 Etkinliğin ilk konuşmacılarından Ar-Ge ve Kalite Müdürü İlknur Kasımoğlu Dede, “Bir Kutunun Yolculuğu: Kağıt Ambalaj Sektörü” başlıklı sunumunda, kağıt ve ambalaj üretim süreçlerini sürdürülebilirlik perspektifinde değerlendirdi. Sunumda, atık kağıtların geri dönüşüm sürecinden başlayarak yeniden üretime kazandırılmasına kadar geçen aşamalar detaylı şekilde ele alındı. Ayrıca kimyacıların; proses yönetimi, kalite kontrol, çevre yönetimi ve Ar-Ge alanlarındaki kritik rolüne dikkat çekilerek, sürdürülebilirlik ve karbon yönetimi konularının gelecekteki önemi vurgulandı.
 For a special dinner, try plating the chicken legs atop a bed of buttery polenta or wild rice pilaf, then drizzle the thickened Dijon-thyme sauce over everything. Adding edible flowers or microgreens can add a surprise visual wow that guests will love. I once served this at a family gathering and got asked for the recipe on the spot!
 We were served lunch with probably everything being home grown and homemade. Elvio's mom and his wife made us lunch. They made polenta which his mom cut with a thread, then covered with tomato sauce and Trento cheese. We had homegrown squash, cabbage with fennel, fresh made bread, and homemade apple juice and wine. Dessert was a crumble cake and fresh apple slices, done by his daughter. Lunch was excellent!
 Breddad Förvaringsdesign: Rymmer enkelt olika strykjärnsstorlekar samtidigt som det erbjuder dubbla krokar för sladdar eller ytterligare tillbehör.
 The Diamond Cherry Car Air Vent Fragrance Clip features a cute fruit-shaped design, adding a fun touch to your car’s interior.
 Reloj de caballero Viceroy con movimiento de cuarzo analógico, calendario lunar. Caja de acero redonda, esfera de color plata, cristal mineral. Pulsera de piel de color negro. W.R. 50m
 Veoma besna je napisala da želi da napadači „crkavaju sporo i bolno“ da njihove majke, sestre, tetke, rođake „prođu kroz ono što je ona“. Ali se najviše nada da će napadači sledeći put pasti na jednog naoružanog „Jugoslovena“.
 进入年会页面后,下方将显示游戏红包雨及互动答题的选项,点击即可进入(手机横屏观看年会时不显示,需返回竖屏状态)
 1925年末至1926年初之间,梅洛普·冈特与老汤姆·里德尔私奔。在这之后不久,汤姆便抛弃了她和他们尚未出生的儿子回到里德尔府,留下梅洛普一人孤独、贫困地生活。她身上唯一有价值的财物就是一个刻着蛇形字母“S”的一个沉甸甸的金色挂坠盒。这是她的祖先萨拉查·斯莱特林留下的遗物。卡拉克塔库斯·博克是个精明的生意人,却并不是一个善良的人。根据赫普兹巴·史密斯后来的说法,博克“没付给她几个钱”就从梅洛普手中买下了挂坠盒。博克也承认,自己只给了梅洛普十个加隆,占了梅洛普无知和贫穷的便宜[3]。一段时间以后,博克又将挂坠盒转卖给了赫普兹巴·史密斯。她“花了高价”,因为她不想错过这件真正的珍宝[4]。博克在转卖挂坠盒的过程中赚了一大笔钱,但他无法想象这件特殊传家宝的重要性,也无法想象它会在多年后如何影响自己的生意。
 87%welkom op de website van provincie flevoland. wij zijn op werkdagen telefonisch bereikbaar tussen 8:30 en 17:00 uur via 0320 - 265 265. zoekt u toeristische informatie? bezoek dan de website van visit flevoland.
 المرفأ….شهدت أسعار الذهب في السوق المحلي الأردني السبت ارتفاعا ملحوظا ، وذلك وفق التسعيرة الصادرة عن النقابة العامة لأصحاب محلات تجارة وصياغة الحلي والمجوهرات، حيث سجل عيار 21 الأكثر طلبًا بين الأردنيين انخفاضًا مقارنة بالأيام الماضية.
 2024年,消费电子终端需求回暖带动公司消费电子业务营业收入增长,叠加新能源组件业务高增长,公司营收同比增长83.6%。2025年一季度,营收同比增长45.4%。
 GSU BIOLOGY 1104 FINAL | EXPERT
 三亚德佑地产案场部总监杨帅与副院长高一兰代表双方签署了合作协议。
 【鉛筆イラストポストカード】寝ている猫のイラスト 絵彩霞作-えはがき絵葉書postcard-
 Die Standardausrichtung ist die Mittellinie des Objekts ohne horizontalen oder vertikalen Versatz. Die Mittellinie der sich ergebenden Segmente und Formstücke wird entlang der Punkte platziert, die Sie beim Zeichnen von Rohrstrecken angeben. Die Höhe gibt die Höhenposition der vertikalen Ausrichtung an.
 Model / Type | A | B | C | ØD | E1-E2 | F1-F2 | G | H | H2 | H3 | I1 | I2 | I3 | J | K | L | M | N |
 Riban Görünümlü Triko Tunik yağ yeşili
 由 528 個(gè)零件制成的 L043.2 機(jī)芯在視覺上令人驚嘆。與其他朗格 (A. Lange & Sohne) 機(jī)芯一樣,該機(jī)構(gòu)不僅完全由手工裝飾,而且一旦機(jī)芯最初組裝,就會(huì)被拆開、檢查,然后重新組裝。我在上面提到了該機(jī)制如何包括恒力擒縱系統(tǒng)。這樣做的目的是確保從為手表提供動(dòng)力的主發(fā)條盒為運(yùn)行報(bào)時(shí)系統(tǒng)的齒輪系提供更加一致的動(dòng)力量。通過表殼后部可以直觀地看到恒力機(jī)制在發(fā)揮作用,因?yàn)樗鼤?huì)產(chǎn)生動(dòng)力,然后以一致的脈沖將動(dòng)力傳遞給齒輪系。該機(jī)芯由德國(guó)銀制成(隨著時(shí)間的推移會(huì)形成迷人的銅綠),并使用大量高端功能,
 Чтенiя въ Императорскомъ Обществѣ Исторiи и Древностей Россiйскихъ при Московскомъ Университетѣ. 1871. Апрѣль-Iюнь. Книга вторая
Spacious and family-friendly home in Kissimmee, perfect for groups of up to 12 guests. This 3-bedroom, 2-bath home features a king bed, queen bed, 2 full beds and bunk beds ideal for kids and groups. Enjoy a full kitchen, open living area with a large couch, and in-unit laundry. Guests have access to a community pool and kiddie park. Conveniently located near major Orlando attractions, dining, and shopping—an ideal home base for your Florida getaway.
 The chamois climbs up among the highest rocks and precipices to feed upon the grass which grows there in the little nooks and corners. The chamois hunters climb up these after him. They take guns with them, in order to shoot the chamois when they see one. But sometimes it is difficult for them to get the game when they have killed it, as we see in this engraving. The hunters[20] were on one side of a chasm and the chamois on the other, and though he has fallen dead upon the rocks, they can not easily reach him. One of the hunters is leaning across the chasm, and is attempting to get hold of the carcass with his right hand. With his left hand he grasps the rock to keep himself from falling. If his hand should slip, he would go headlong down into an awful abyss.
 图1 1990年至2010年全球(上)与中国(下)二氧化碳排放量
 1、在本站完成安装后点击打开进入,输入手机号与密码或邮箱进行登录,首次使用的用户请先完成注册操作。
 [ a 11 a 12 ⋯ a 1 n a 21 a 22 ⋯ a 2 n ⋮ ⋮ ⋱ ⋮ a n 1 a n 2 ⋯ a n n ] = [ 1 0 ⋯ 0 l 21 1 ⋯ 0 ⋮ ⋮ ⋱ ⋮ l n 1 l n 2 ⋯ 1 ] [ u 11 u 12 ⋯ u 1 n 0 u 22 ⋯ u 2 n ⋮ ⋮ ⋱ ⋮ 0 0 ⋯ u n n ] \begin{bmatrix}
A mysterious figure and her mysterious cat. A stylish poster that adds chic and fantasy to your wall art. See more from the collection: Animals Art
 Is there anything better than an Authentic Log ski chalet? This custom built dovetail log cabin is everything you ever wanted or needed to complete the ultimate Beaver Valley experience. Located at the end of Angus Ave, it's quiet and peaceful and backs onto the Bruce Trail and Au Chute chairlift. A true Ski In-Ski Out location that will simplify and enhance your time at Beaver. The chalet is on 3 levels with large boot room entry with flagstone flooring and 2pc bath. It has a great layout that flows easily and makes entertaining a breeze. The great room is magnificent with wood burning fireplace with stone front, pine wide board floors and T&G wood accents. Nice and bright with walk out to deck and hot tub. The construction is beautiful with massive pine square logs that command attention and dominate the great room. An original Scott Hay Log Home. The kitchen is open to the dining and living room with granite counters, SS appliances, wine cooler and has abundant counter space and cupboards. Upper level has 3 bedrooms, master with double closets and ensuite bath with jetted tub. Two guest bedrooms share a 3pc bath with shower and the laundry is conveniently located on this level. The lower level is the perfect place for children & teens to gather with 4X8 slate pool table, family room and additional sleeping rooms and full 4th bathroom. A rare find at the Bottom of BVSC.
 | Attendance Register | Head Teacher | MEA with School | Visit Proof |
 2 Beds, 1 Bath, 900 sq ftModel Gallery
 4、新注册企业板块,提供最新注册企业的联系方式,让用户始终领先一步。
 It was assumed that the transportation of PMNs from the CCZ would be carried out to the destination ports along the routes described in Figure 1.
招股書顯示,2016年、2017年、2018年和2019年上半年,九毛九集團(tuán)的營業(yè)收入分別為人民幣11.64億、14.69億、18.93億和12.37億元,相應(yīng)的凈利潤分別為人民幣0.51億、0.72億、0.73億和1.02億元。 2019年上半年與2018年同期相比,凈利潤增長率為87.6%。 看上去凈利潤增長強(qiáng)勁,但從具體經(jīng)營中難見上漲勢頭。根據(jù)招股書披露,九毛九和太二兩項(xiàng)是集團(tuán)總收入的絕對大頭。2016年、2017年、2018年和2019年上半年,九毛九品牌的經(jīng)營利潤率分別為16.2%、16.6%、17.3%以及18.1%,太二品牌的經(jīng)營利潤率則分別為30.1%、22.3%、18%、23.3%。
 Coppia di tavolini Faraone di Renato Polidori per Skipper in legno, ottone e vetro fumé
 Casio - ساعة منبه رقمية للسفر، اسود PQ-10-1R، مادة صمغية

**YOUR ASSIGNMENT:** Go through the entries and copy every line that has "wine".

**SOLUTION TO THIS EXERCISE:**
 We were served lunch with probably everything being home grown and homemade. Elvio's mom and his wife made us lunch. They made polenta which his mom cut with a thread, then covered with tomato sauce and Trento cheese. We had homegrown squash, cabbage with fennel, fresh made bread, and homemade apple juice and wine. Dessert was a crumble cake and fresh apple slices, done by his daughter. Lunch was excellent!
 Is there anything better than an Authentic Log ski chalet? This custom built dovetail log cabin is everything you ever wanted or needed to complete the ultimate Beaver Valley experience. Located at the end of Angus Ave, it's quiet and peaceful and backs onto the Bruce Trail and Au Chute chairlift. A true Ski In-Ski Out location that will simplify and enhance your time at Beaver. The chalet is on 3 levels with large boot room entry with flagstone flooring and 2pc bath. It has a great layout that flows easily and makes entertaining a breeze. The great room is magnificent with wood burning fireplace with stone front, pine wide board floors and T&G wood accents. Nice and bright with walk out to deck and hot tub. The construction is beautiful with massive pine square logs that command attention and dominate the great room. An original Scott Hay Log Home. The kitchen is open to the dining and living room with granite counters, SS appliances, wine cooler and has abundant counter space and cupboards. Upper level has 3 bedrooms, master with double closets and ensuite bath with jetted tub. Two guest bedrooms share a 3pc bath with shower and the laundry is conveniently located on this level. The lower level is the perfect place for children & teens to gather with 4X8 slate pool table, family room and additional sleeping rooms and full 4th bathroom. A rare find at the Bottom of BVSC.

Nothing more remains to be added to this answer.